# Home home on the range ( cooking style)



## pdswife (Mar 29, 2005)

O we have a home
Where the white-tail deer roam
And the porcupines do as they please.
Where the wretched raccoon
By the light of the moon
Eats the peppers, tomatoes and peas.

The lettuce is gone,
But the rabbits stay on,
For they live in this Eden sublime.
Where 'til the snow flies
They are up to their eyes
In parsley, in sage and in thyme.

The birds come to feast -
We don't mind in the least -
We'd cheerfully buy what they need.
But the squirrels so cute
And so agile to boot
Won't leave us a spoonful of seed.

Home, home by the range,
Where there's nought from the garden to boil.
The harvest's all gone
But the wildlife lives on,
And we've nothing to show for our toil.


----------



## choclatechef (Mar 29, 2005)

Sounds like the average gardener's lament.

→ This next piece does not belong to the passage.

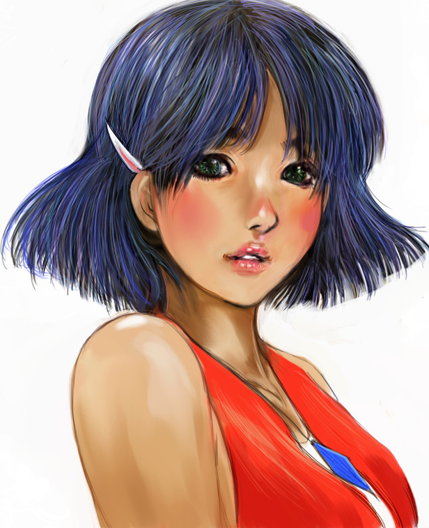 1990s (style)1girlbandeaubare shouldersblue hairblushdark skindark-skinned femalefemale focusgreen eyeshair ornamenthairclipjewelrylipsnecklacerealisticretro artstyleshort hairsolostraplesstube topvestwhite bandeau
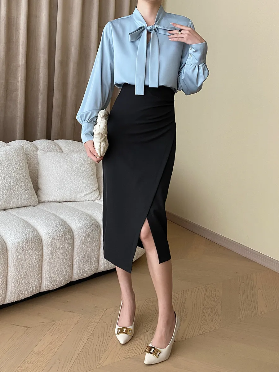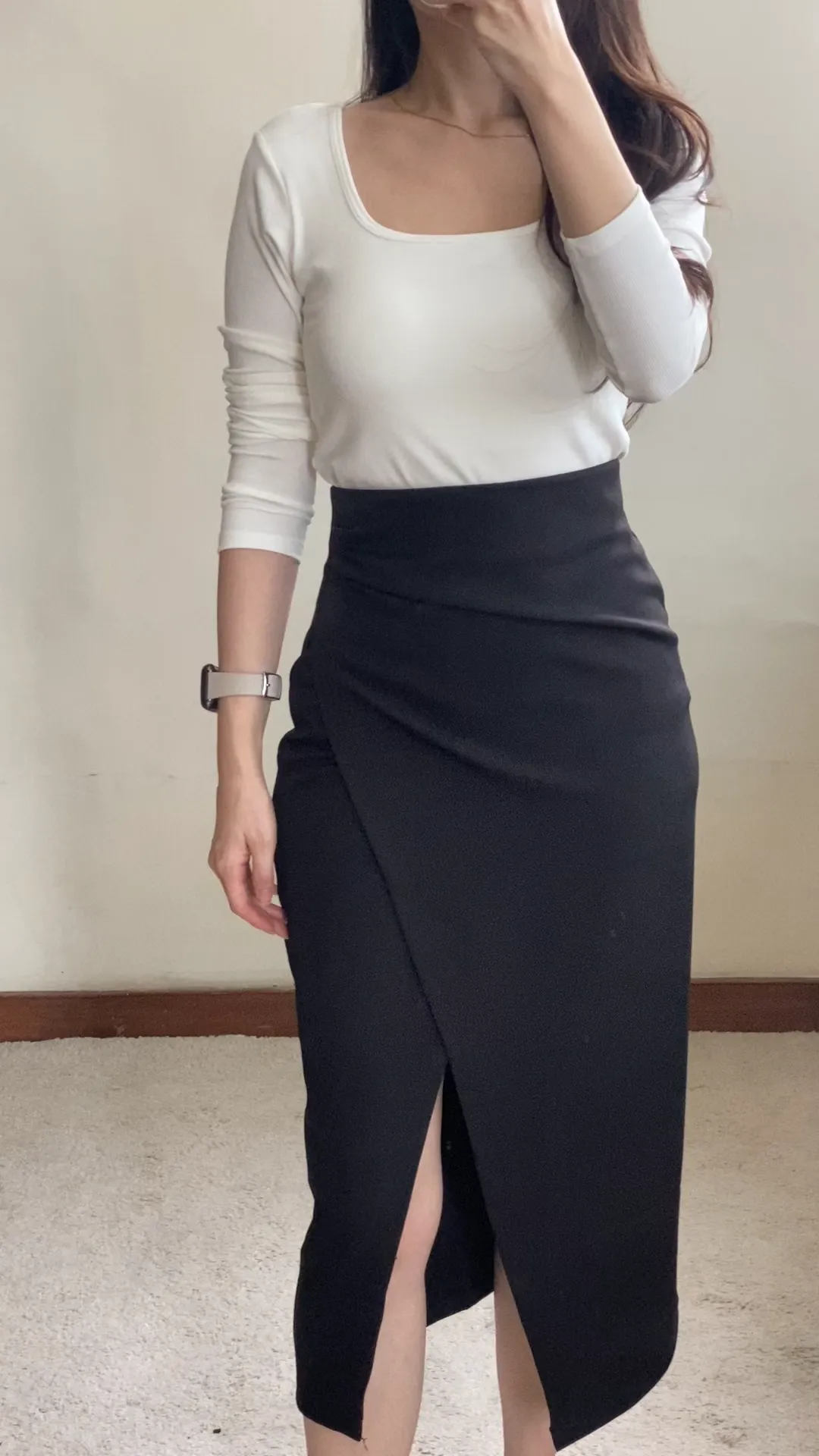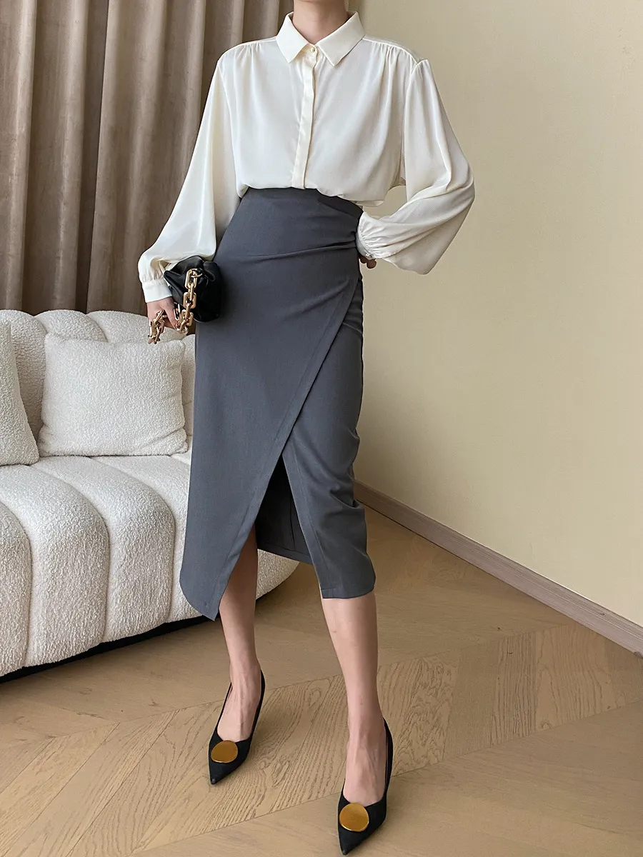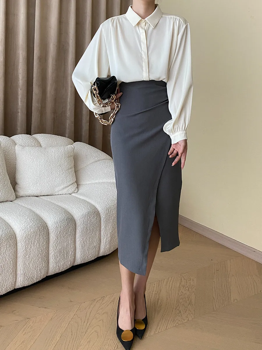法式側開岔半身裙 2色

I got so ticked off at a lettuce eating rabbit, I tried to shoot it with a bb gun at 15 paces!  Unfortunately, my eyesight has gotten so bad, that though I shot 3 or 4 times, I could not even scare the sucker!

And I gave that daggone bb gun to the next kid who admired it!


----------



## pdswife (Mar 29, 2005)

LOL!  

We let the cat deal with the rabbits...
the BB gun deal with the racoons
and let the deer eat what ever they want.  We even
planted apple trees just so the deer would come and get
them.


----------



## -DEADLY SUSHI- (Mar 30, 2005)

Wow.... time for one of those electric fences. Turn the power up enough and you might have some meat with your vegies!


----------